Antessala da agonia

Quantas e tamanhas vezes assoprou dentro de mim uma raiva intensa.

Hoje mesmo, ao voltar a casa, quase na hora do almoço, depois de uma andança frenética pelas ruas, na intenção de ajuntar alguns trocados com a finalidade de tornar viável a edição de mais um livro, o de número dezenove, tendo como título: “Leia com meus olhos”, deparei-me com uma senhorinha deitada, à sombra de quase meio dia, fazia frio, enrolada a um cobertor surrado, dormindo um soninho o qual comparo aquele dos meus netinhos dormindo.

Noutras vezes passou-me a mesma ira. Ou “reiva”. Como costumam dizer os personagens da novela o Pantanal.

Que eu me lembre, embora fatos passados estejam mais presentes, coisas que acontecem aos idosos, a raiva me subiu ao alto da minha calvície, quando me deparei com um passarozinho triste, que, depois de tentar seu primeiro voo esborrachou-se ao chão.

Não tive como dar-lhe um funeral decente. Singelamente lancei-o pela janela, deste meu sétimo andar, onde escrevo e exerço a minha profissão, na tentativa vã de vê-lo de novo avoar. Com enorme angústia, misto de tristeza e angrisia, palavrinha nova, mais um neologismo de minha autoria, percebi aquela avezinha filhote, cair, devagarinho, rumo ao asfalto duro, sem sequer implorar, a um Ícaro sequer, que a dotasse de asas de verdade, não aquelas que o mitológico senhor das asas de cera, no mesmo solo se esboroou.

As demais vezes que a tal raiva se apoderou de minha pessoinha não merecem menção.

Pois, quando a gente atinge certa idade, deixamos a raiva de lado. Depois de contarmos até mais de um milhão.

Na dada de hoje, quatro de julho, na intenção de me submeter a uma internação na Santa Casa, infelizmente bastante modificada, o prédio novo inspira novidade, sinto saudade daquele prédio antigo, onde fui operado de fimose pelo saudoso Doutor Silvio Menicucci.

Ali imperava a cordialidade fraterna. Poucos esculápios militavam no velho nosocômio.

A maioria já foi chamada a exercer a medicina no céu dos anjos e querubins.

Por volta da volta das dez e meia, fui ter àquela casa, onde saúde e a boa vontade deveriam ser prioridades. E a atenção aos pacientes deveriam ser o prumo a ser atingido.

Depois de ser informado, pela mocinha do balcão de número quatro, que deveria pegar uma senha, para ser atendido nas minhas reivindicações, depois de hora e meia, de espera, não sem antes tentar explicar, docemente, quem eu era, a mesma me disse, de soslaio, que não havia prioridade no atendimento. E que eu, médico que passou metade da minha vida profissional, dando o melhor que podia, dentro das minhas impossibilidades, não deveria ter regalias.

Foi preciso um dedal enorme, melhor dizendo uma caixa d’água de cinco mil litros, entornando pelas bordas, para controlar a raiva que aumentava dentro do meu eu.

Enfim chegou a minha vez. Voltei ao balcão em questão. A mesma mocinha, de óculos, grossas lentes de grau, depois de examinar a papelada, exames, documentos, guia da Unimed autorizada, a receita e o pedido do meu médico operador, um esculápio novinho, de minha total e irrestrita confiança, ela autorizou a minha internação.

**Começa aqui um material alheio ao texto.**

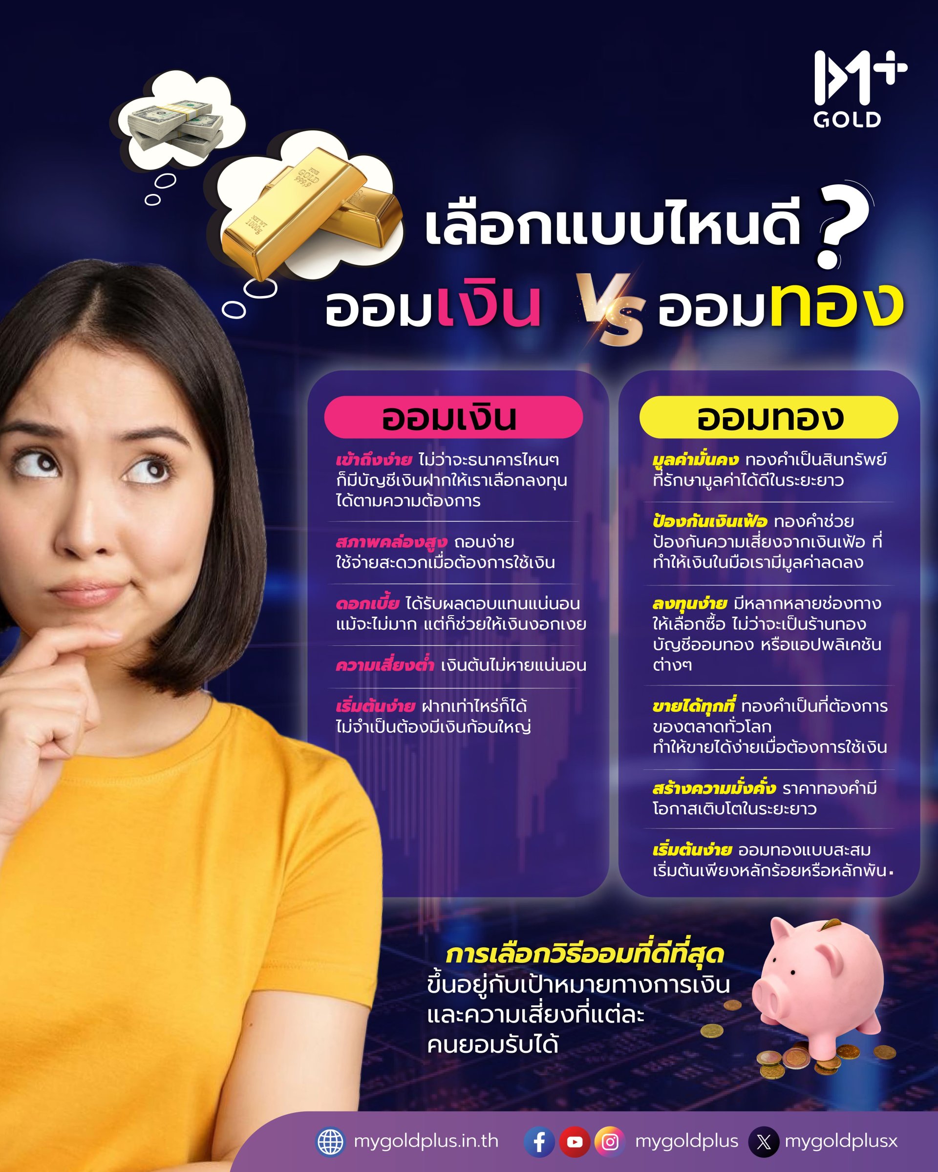 การตัดสินใจเลือกระหว่าง "ออมเงิน" หรือ "ออมทอง" นั้น ขึ้นอยู่กับเป้าหมายทางการเงิน ระยะเวลาในการลงทุน และระดับความเสี่ยงที่ยอมรับได้ หากต้องการความเสี่ยงต่ำ สภาพคล่องสูง และผลตอบแทนที่แน่นอน การออมเงินผ่านบัญชีเงินฝากธนาคารอาจเป็นทางเลือกที่เหมาะสม แต่หากต้องการป้องกันความเสี่ยงจากเงินเฟ้อ และมีโอกาสได้รับผลตอบแทนที่สูงขึ้นในระยะยาว การออมทองอาจเป็นทางเลือกที่น่าสนใจ การกระจายความเสี่ยงโดยการออมทั้งสองแบบควบคู่กัน ก็เป็นอีกกลยุทธ์ที่สามารถพิจารณาได้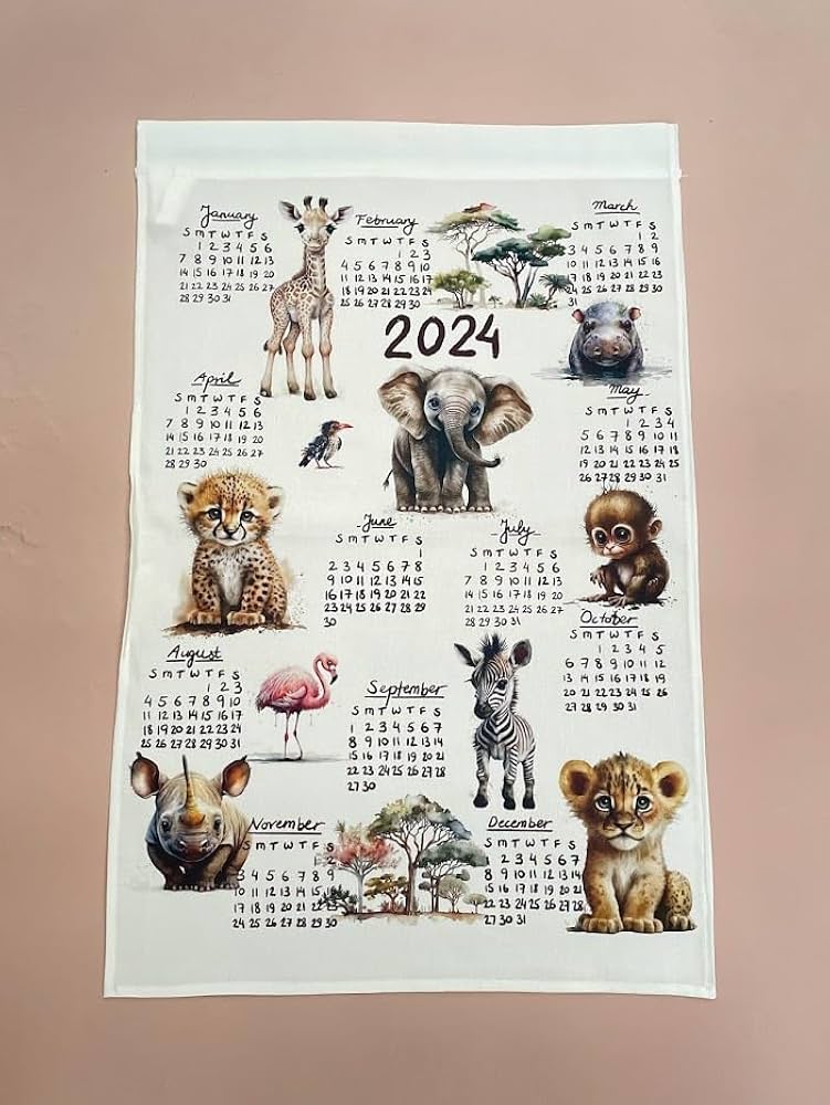 Amazon.com: Cute Safari animals 2024 Calendar Towel, Linen

Foi com certo alivio que daquele lugar bastante modificado, desde quando comecei o exercício da medicina, naqueles longínquos um mil novecentos e setenta e sete, quando aqui apeei, vindo das terras de Espanha,  senti-me como aquele passarozinho, sem saber avoar, que esborrachou-se no asfalto negro e duro, sem que nada pudesse fazer para amenizar-lhe a dor.

Naquela antessala da agonia senti-me como um náufrago de uma nau sem rumo. Como um sapato velho, gasto e furado na sola. Sem direito a meia sola ou remendão.

Ai que saudades me cavoucam o âmago. Daqueles verdes anos quando médicos não cobravam consultas de colegas. Quando a palavra dada tinha maior valia que mais de mil notas promissórias.

Quando ser velho não era palavrão.

Perdoe-me se abusei da minha ira. Não foi um momento impensado. Simplesmente senti-me como uma carta fora do baralho. Um az de espada. Ou até mesmo um coringa. Do qual lançam mão quando não se tem outra opção.